Treatment with a β-2-adrenoceptor agonist stimulates glucose uptake in skeletal muscle and improves glucose homeostasis, insulin resistance and hepatic steatosis in mice with diet-induced obesity.

Diabetologia 2020 08 29;63(8):1603-1615. Epub 2020 May 29.

Department of Molecular Biosciences, the Wenner-Gren Institute, Stockholm University, Svante Arrhenius väg 20B, Arrhenius laboratories F3, 10691, Stockholm, Sweden.

Aims/hypothesis: Chronic stimulation of β-adrenoceptors, opposite to acute treatment, was reported to reduce blood glucose levels, as well as to improve glucose and insulin tolerance in rodent models of diabetes by essentially unknown mechanisms. We recently described a novel pathway that mediates glucose uptake in skeletal muscle cells via stimulation of β-adrenoceptors. In the current study we further explored the potential therapeutic relevance of β-adrenoceptor stimulation to improve glucose homeostasis and the mechanisms responsible for the effect.

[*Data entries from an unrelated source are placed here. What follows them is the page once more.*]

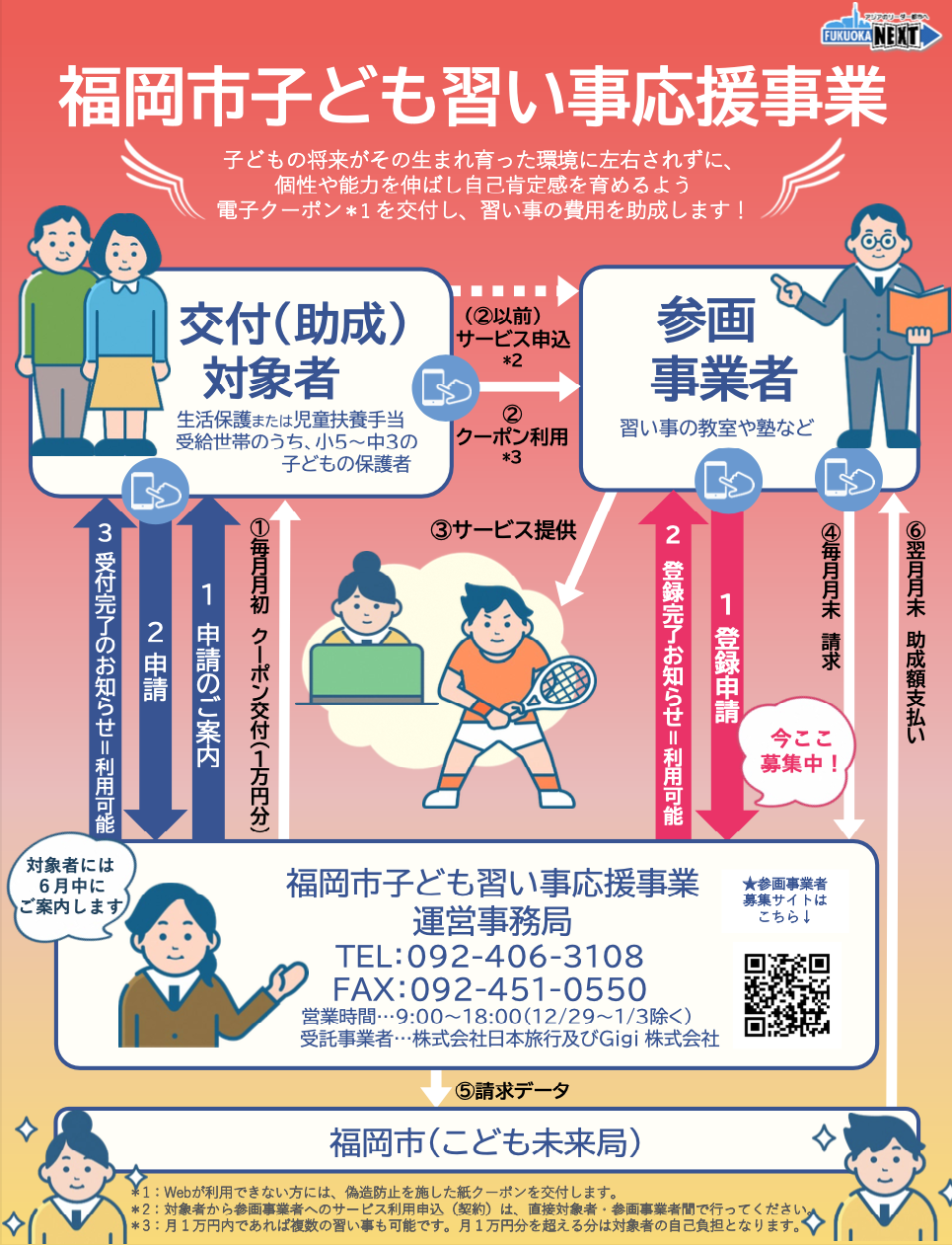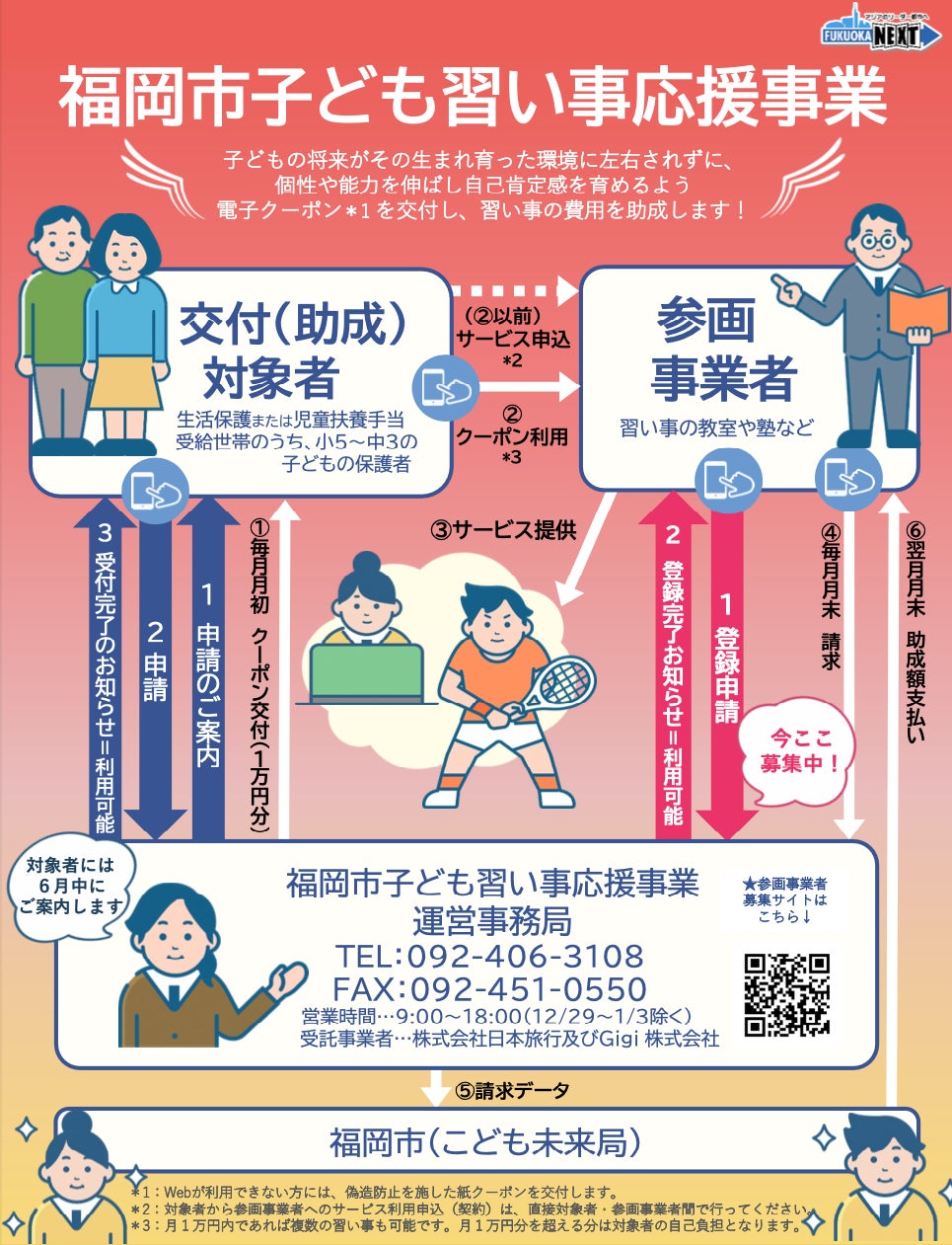 本年7月からの開始に向けて、福岡市の子ども達を応援するこの事業に参加してくださる、教室や塾、スポーツクラブなどの募集を開始します。
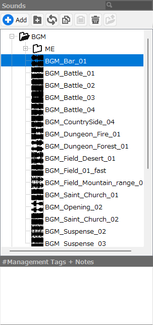 Manage sound data. sound formats available in RPG Developer Bakin are .ogg, .wav(Uncompressed PCM only).
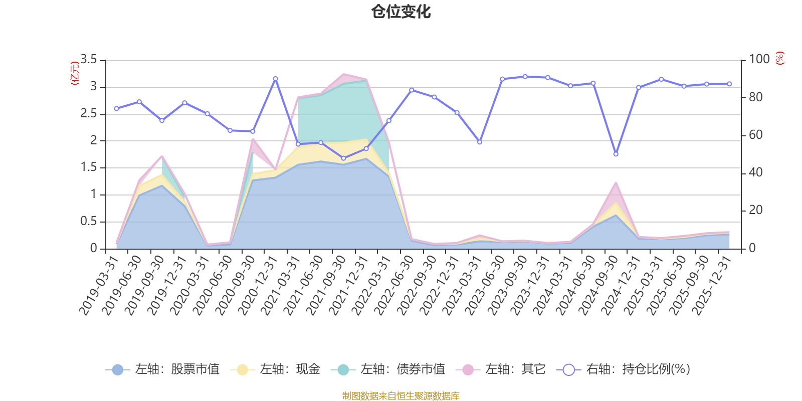 据定期报告数据统计,近三年平均股票仓位为82.46%,同类平均为87.05%。2023年三季度末基金达到91.29%的最高仓位,2021年三季度末最低,为48.05%。
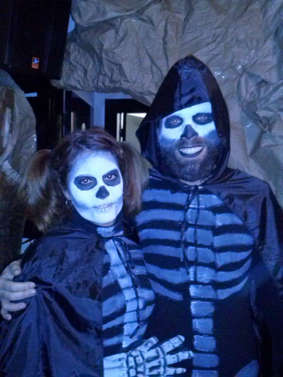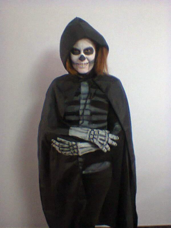 Una vez tenemos la ropa pintada y bien seca, llega el momento del maquillaje de la cara. Hay muchas formas de maquillarse como un esqueleto, pero lo fundamental es pintar con negro los huecos de la calavera: ojos, nariz y boca. Fíjate en las fotos, es más sencillo de lo que parece, y el resultado es muy bueno. Si no estás muy seguro de poder ahcerlo, practica con alguien unos días antes. El lápiz de ojos lo he usado para perfilar de negro algunas zonas, como por ejemplo, los dientes.

Methods: C57Bl/6N mice with diet-induced obesity were treated both acutely and for up to 42 days with a wide range of clenbuterol dosages and treatment durations. Glucose homeostasis was assessed by glucose tolerance test. We also measured in vivo glucose uptake in skeletal muscle, insulin sensitivity by insulin tolerance test, plasma insulin levels, hepatic lipids and glycogen.

Results: Consistent with previous findings, acute clenbuterol administration increased blood glucose and insulin levels. However, already after 4 days of treatment, beneficial effects of clenbuterol were manifested in glucose homeostasis (32% improvement of glucose tolerance after 4 days of treatment, p < 0.01) and these effects persisted up to 42 days of treatment. These favourable metabolic effects could be achieved with doses as low as 0.025 mg kg day (40 times lower than previously studied). Mechanistically, these effects were not due to increased insulin levels, but clenbuterol enhanced glucose uptake in skeletal muscle in vivo both acutely in lean mice (by 64%, p < 0.001) as well as during chronic treatment in diet-induced obese mice (by 74%, p < 0.001). Notably, prolonged treatment with low-dose clenbuterol improved whole-body insulin sensitivity (glucose disposal rate after insulin injection increased up to 1.38 ± 0.31%/min in comparison with 0.15 ± 0.36%/min in control mice, p < 0.05) and drastically reduced hepatic steatosis (by 40%, p < 0.01) and glycogen (by 23%, p < 0.05).

Conclusions/interpretation: Clenbuterol improved glucose tolerance after 4 days of treatment and these effects were maintained for up to 42 days. Effects were achieved with doses in a clinically relevant microgram range. Mechanistically, prolonged treatment with a low dose of clenbuterol improved glucose homeostasis in insulin resistant mice, most likely by stimulating glucose uptake in skeletal muscle and improving whole-body insulin sensitivity as well as by reducing hepatic lipids and glycogen. We conclude that selective β-adrenergic agonists might be an attractive potential treatment for type 2 diabetes. This remains to be confirmed in humans. Graphical abstract.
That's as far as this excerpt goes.